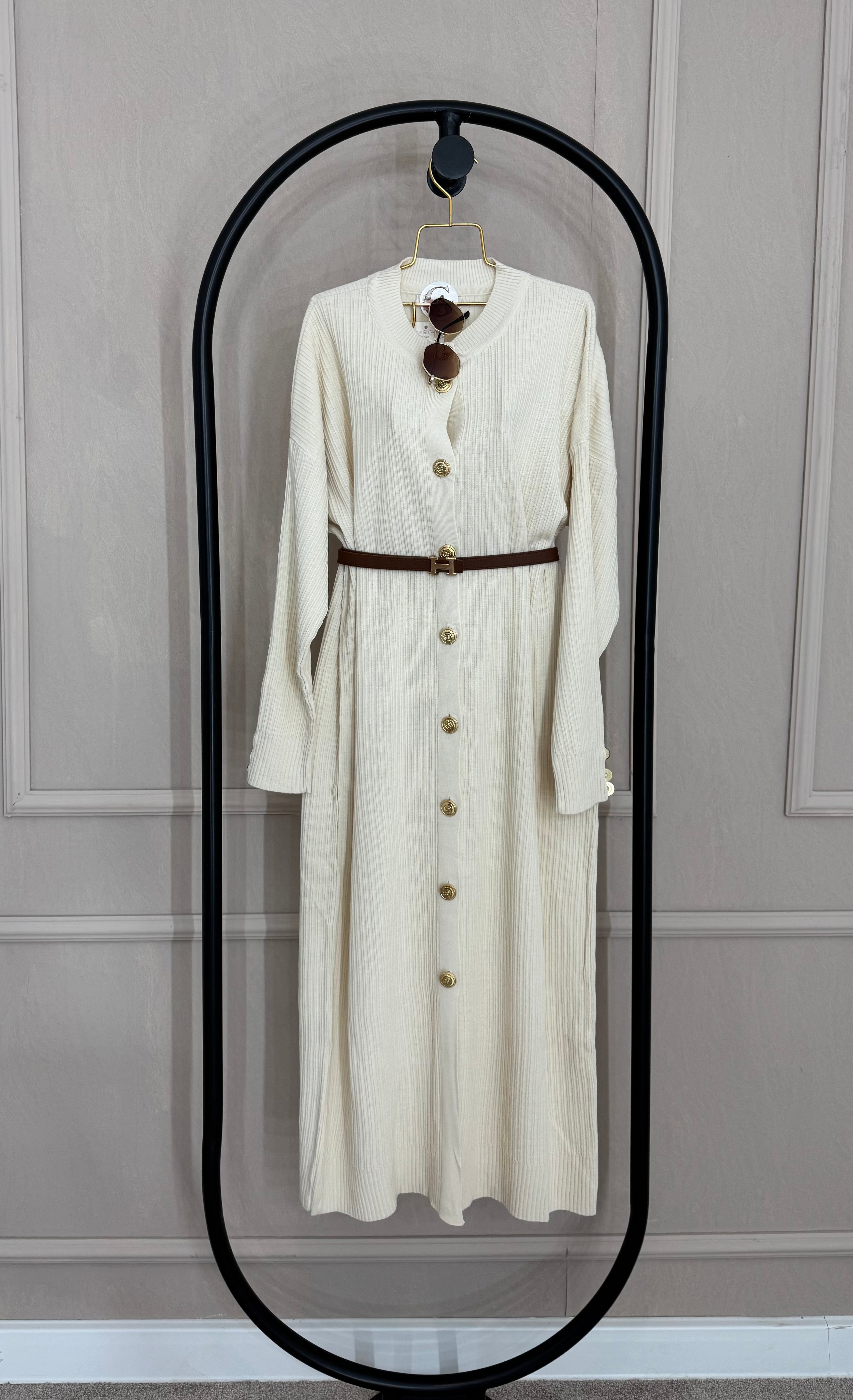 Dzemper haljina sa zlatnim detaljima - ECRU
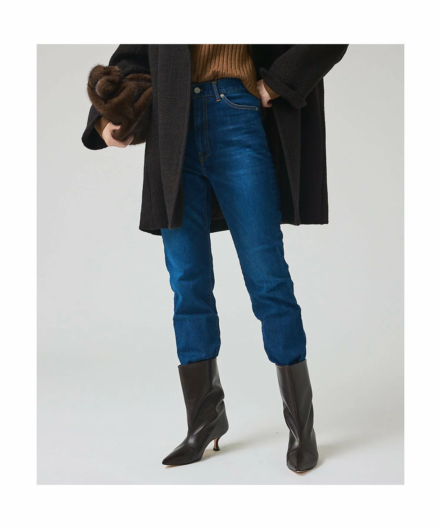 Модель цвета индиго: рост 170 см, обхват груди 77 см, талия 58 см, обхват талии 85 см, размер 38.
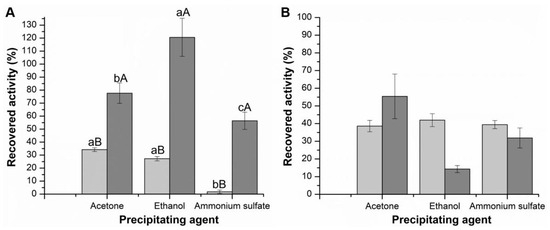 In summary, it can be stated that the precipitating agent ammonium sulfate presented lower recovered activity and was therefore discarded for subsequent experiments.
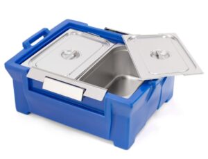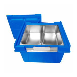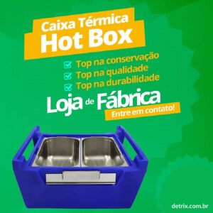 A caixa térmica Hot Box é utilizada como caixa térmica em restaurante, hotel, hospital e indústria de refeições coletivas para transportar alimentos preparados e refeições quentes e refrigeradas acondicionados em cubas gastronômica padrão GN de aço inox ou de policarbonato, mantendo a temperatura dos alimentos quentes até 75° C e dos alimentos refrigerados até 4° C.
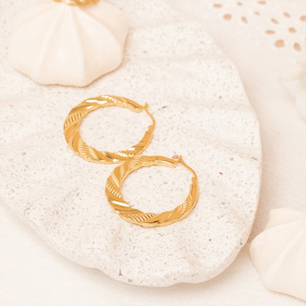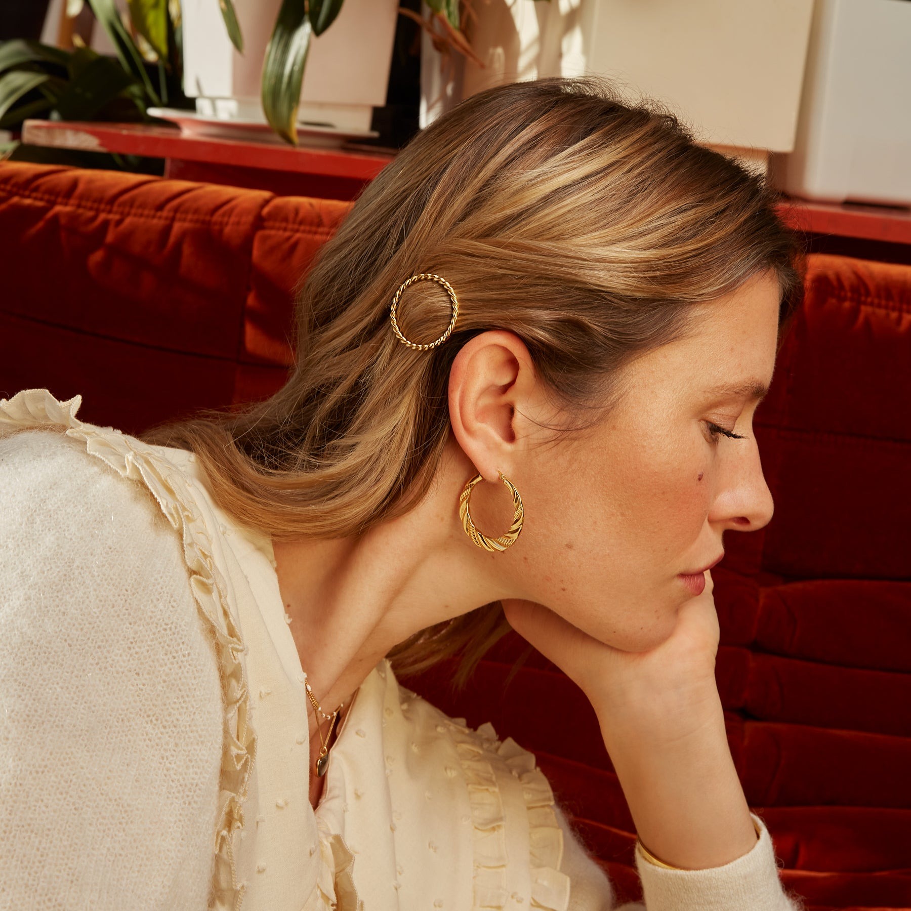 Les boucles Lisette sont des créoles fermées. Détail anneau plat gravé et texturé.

____

The reply should hold only the lines running from the top of the records to the line containing "In summary, it", both included, copied exactly with no pictures.

▶ **EXERCISE OUTPUT**:
 Dzemper haljina sa zlatnim detaljima - ECRU
 Модель цвета индиго: рост 170 см, обхват груди 77 см, талия 58 см, обхват талии 85 см, размер 38.
 In summary, it can be stated that the precipitating agent ammonium sulfate presented lower recovered activity and was therefore discarded for subsequent experiments.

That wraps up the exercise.